SparseDOSSA2 correlation structure

Hi! I’m trying to simulate microbial data with my own specified correlation matrix. I was thinking that I could simulate data using the “Stool” template, fit the data, overwrite the appropriate matrix, and then use the fitted data to re-simulate some data, now with my specified correlation matrix. My first question is, will this work or is there an easier way to do what I’m hoping to accomplish? If so, what’s the appropriate matrix I need to overwrite? From what I understand, the correlation between microbes is controlled by Omega. However, Omega isn’t bound between -1 and 1 so I’m guessing it’s a covariance matrix. My guess would be that Corr_star is the one I’m looking for. But what’s the difference between sigma, Sigma, Omega, and Corr_star?

Hi - thanks for the interests!

1. You shouldn’t need to fit the data again. Just access the `Stool` fit object, which is stored internally in SparseDOSSA. You can do this with e.g. `Stool_mod <- SparseDOSSA2:::Stool`.
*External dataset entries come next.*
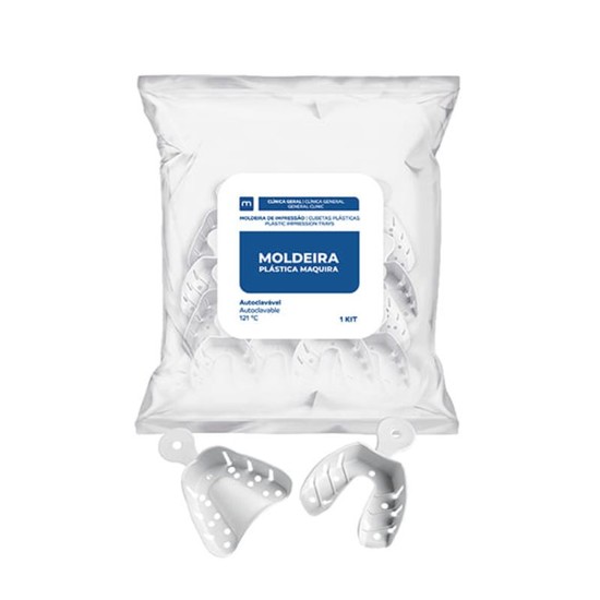 O Kit Moldeiras de Plástico Maquira é composto por 8 pares de moldeiras odontológicas em diferentes tamanhos, ideais para moldagens com alginato ou outros materiais de impressão. Fabricadas em nylon com fibra de vidro, oferecem excelente resistência e durabilidade, sendo uma opção prática e reutilizável para consultórios e laboratórios.
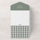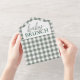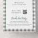 Célébrez avec la mama-to-be et cette mignonne invitation de baby shower vert à damiers simple. Un brun à thème avec un style pique-nique vert sauge à damiers motif et une belle typographie. Inclut une section déchirure avec le code QR du registre et les livres pour la demande de bébé. Parfait pour un baby shower de printemps ou d'été pour un garçon ou une fille. Utilisez comme carte postale en remplissant vos adresses d'expéditeur dans la zone blanche et en ajoutant un timbre. Ou utilisez les enveloppes incluses.
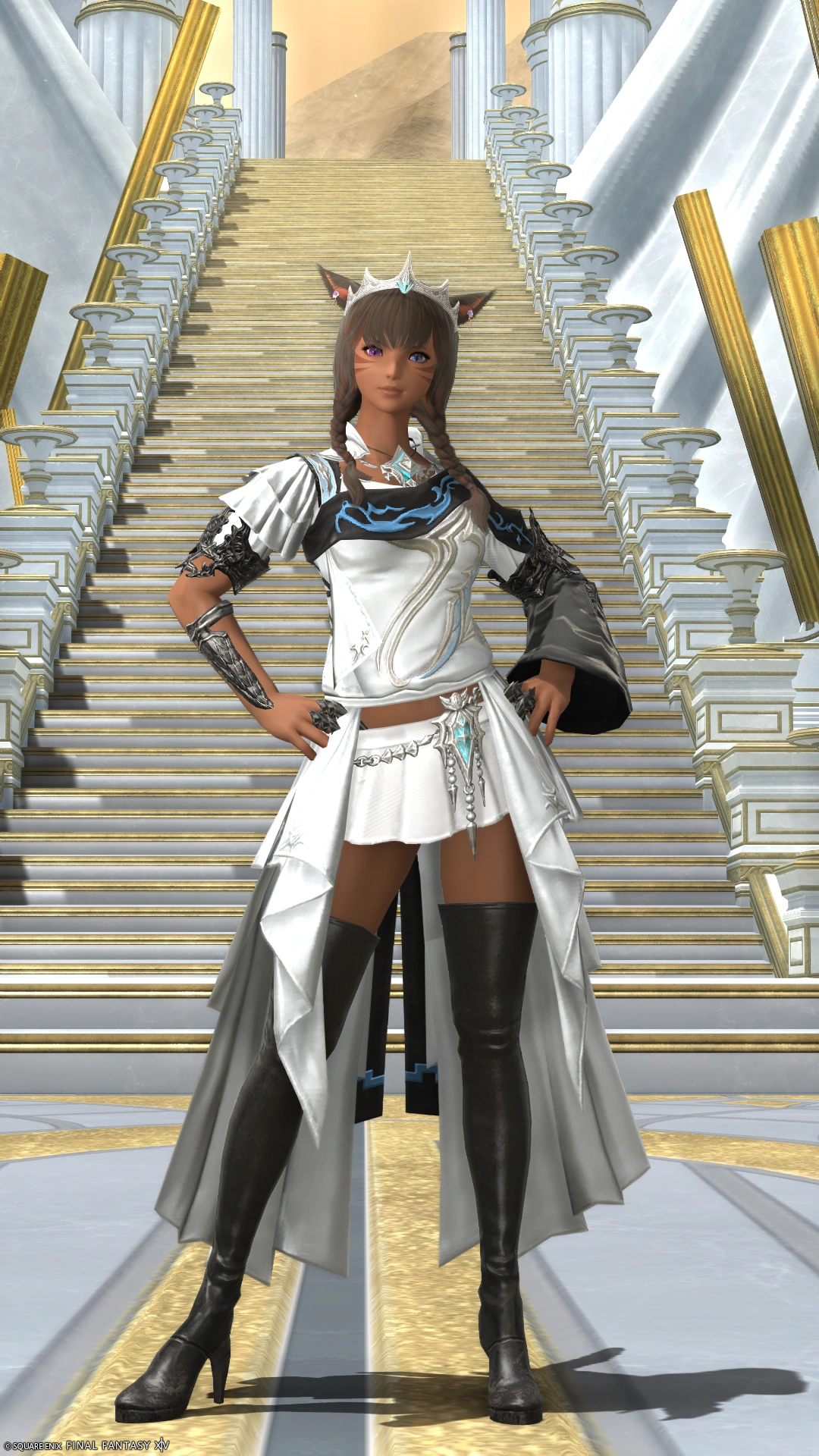 テアゴニアー・ヒーラーを基調にした白ベースで、賢者らしい知性と神聖さを表現。 黒をアクセントに加えることで、引き締まった印象とクールさを両立させました。 軽やかなシルエットの中に、強さと品のある雰囲気を意識しています。

2. You can then simply modify with your own correlation matrix. The one you’re looking for is `Sigma` (and correspondingly, `Omega`). `Sigma` is the correlation matrix and `Omega` is its inverse (i.e. the precision matrix). `sigma` is per-feature standard error. `Corr_star` is something SparseDOSSA uses internally when estimating `Sigma` and `Omega`. So you’d do something like
a. `Stool_mod\$EM_fit\$fit\$Sigma <- My_own_corr`
b. `Stool_mod\$EM_fit\$fit\$Omega <- solve(My_own_corr)`

3. You can then simulate data with `SparseDOSSA2(template = Stool_mod, new_features = FALSE, ...)`. The `new_features = FALSE` setting is important to ensure the new correlation matrix is propagated.

Thank you so much for the quick and clear response! That makes a lot of sense now.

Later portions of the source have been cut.